Advertisement

BAY AREA QUAKE : End to Freeway Double-Decks Urged : Transportation: The Nimitz highway collapse raises questions about the design used to increase road capacity.

Share
TIMES STAFF WRITER

Ambitious plans to double-deck much of the Los Angeles-area freeway system suffered a severe blow when nearly a mile of the double-decked Nimitz Freeway--Interstate 880--collapsed in Oakland in Tuesday’s earthquake, killing scores of people.

Los Angeles County Supervisor Kenneth Hahn on Wednesday called for a halt to the double-decking now under way on the Harbor Freeway, near downtown Los Angeles, while Assemblyman Richard Katz (D-Sylmar), chairman of the Assembly Transportation Committee, said the Nimitz collapse “raises legitimate questions about double-decking of freeways.’

William E. Schaefer, chief engineer for Caltrans, said in an interview that the Nimitz disaster should not affect future double-decking plans because “the newer designs don’t present that kind of problem.”

Advertisement

Schaefer said the portion of the Nimitz that fell in was built in the early 1950s, but that a newer stretch of the same freeway, a few miles south of the collapse, survived the earthquake without damage.

“When you do it from the beginning, it’s not a problem with today’s technology,” Jim Gates, Caltrans senior structural engineer, said after he and other Caltrans officials made a Wednesday afternoon presentation to the California Transportation Commission in Sacramento.

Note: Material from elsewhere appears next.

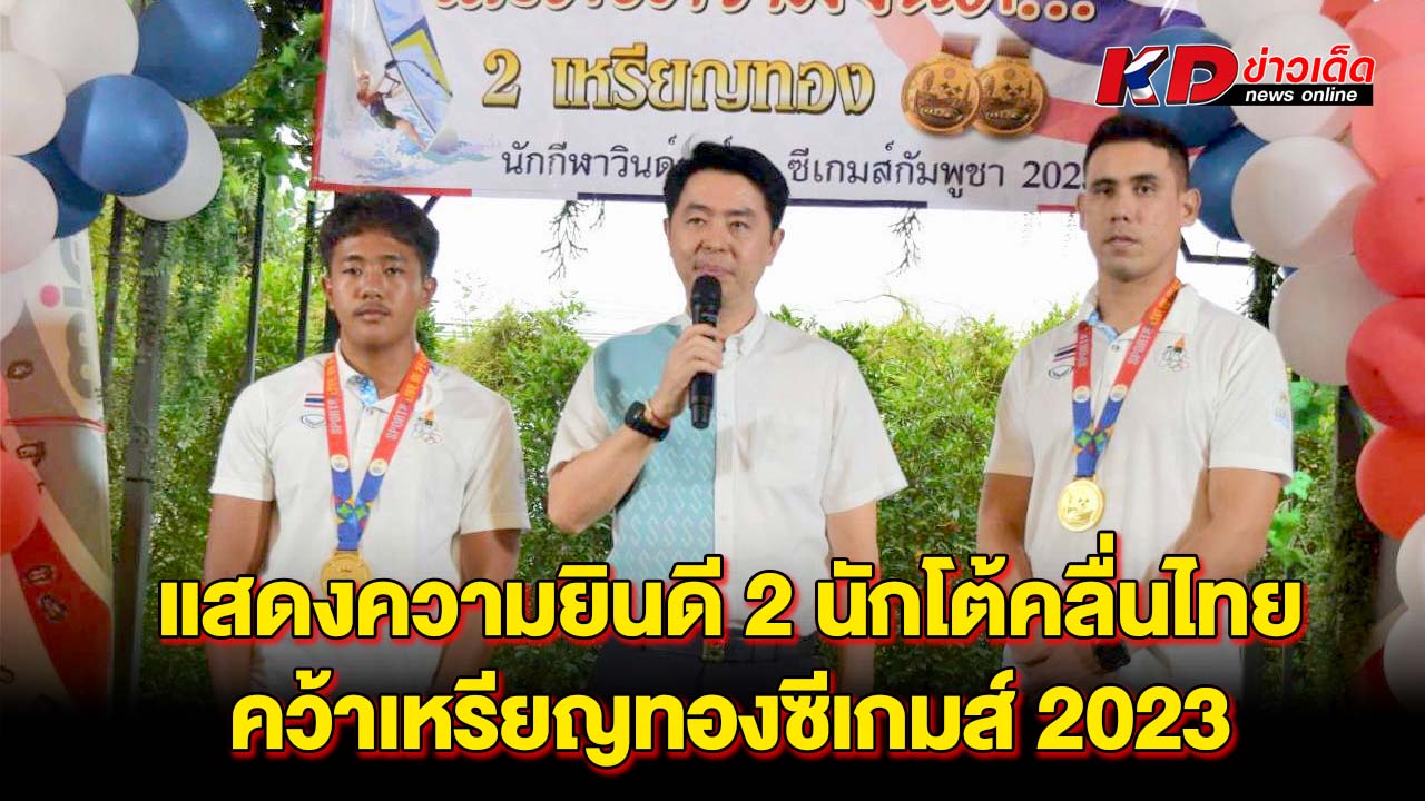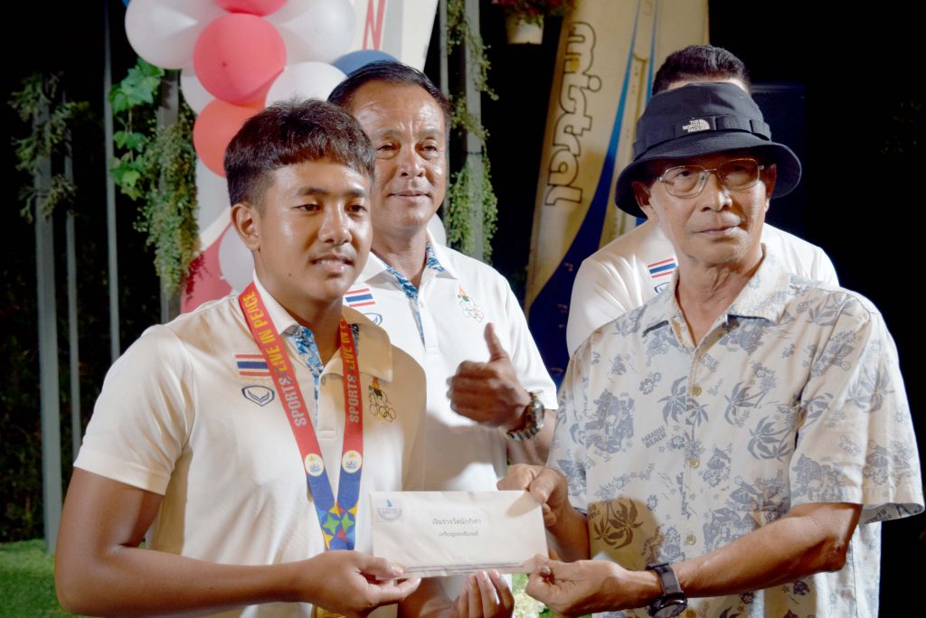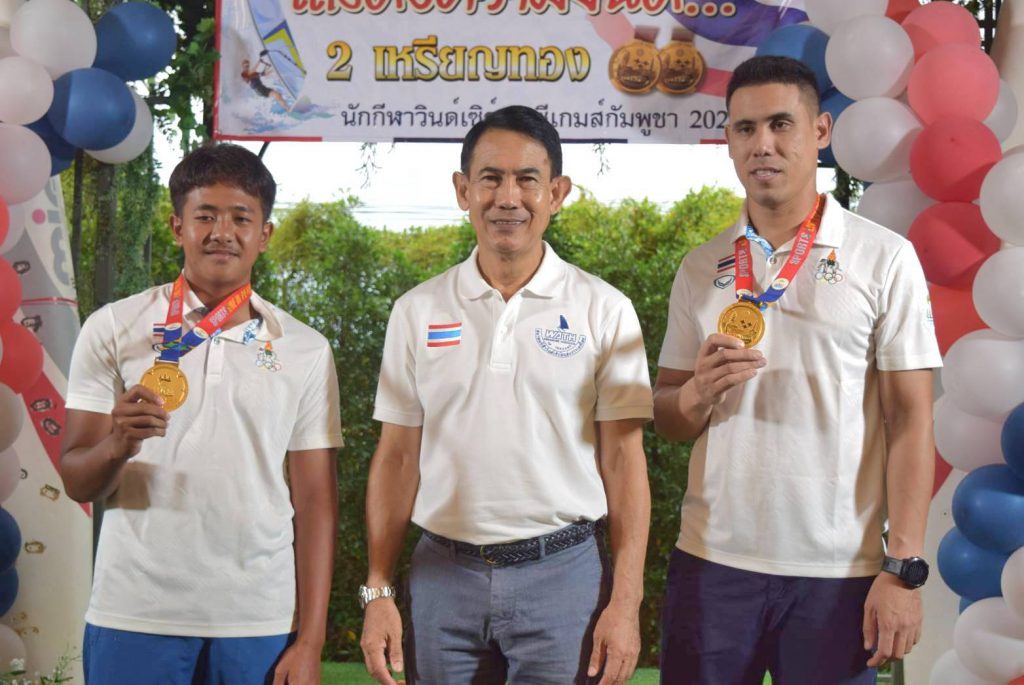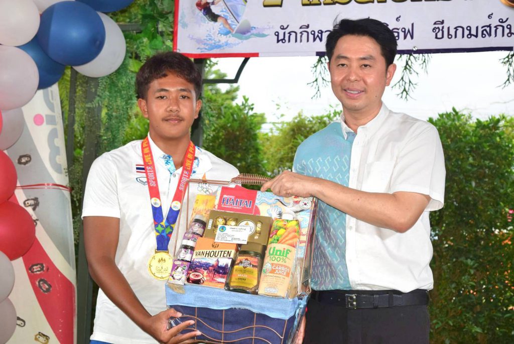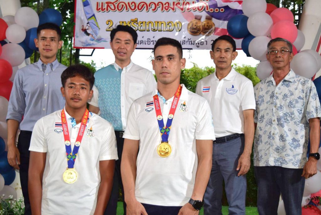 สำหรับนักกีฬาวินด์เซิร์ฟที่คว้า 2 เหรียญทอง ในการแข่งขันกีฬาซีเกมส์ 2023 ประกอบด้วย 1. นายภาสพงษ์ เลี้ยงหล่ำ รุ่นไอคิวฟอยด์ เยาวชน อายุไม่เกิน 19 ปี และ 2.นายเอก บุญสวัสดิ์ รุ่นไอคิวฟอยด์ ชาย ที่สามารถฝ่าด่านกฎกติกาของเจ้าภาพจัดการแข่งขันมาให้ชาวไทยทุกคนได้ภาคภูมิใจในครั้งนี้ หลังเสร็จสินพิธีการทางสมาคมวินด์เซิร์ฟแห่งประเทศไทย ได้มอบเงินเพื่อเป็นขวัญกำลังใจให้กับ 2 นักกีฬา จำนวน 100,000 บาท ทั้งนี้ในงานได้จัดเลี้ยงอาหารให้แก่ผู้เข้าร่วมงาน พร้อมการแสดงดนตรีสร้างสีสัน ท่ามกลางบรรยากาศเป็นไปด้วยความอบอุ่น และเป็นกันเอง……

But double-decking clearly is in trouble, whatever Caltrans officials may say.

Gerald Silver, president of Homeowners of Encino, said his group and other homeowner organizations are “bitterly opposed” to double-decking and will “do whatever is necessary to make sure this doesn’t come about” in the San Fernando Valley or elsewhere in the Los Angeles area.

Caltrans officials believe that adding a second deck to existing freeways offers a partial solution to the increasing traffic congestion in Los Angeles and other urban areas in the state.

“We’re running out of room, we’ve got to do something,” Jerry B. Baxter, Caltrans director in Los Angeles said a year ago in announcing plans to double-deck 2.6 miles of the Harbor Freeway.

Baxter said that Caltrans already has narrowed traffic lanes, eliminated shoulders and initiated complex “traffic management” plans but that urban congestion still grows ever worse.

Advertisement

In addition to the Harbor, the transportation agency also is considering double-decking parts of the Santa Ana, San Diego, Santa Monica and Ventura freeways.

But critics say double-decking would increase noise, vibration, air and visual pollution and, most of all, would present serious hazards during earthquakes.

The earthquake argument took on added force Tuesday, when columns collapsed and the upper deck of nearly a mile of the Nimitz Freeway, a section known as the Cypress Viaduct, fell onto the lower deck.

Like every bridge in the Caltrans system, the Cypress Viaduct had been “retrofitted” after the 1971 earthquake in the San Fernando Valley caused several freeways to collapse.

But Schaefer said Wednesday this $54-million retrofitting program only solved the problem of lateral movement--deck spans slipping off their supports, as they did in the 1971 quake.

In a second phase of rehabilitation. Caltrans is placing steel wrapping around the bases of elevated freeways that are supported by single columns. That will cost $65 million.

Advertisement

But the Cypress Viaduct is supported by multiple columns and, Schaefer said, “we really don’t have the expertise to know what to do” to fix these.

Research is under way at UC San Diego on the best way to retrofit an elevated freeway like the portion that collapsed but it will take at least a year to find a solution, Schaefer said.

In addition, a a blue-ribbon panel of international bridge engineers will be asked to study the problem.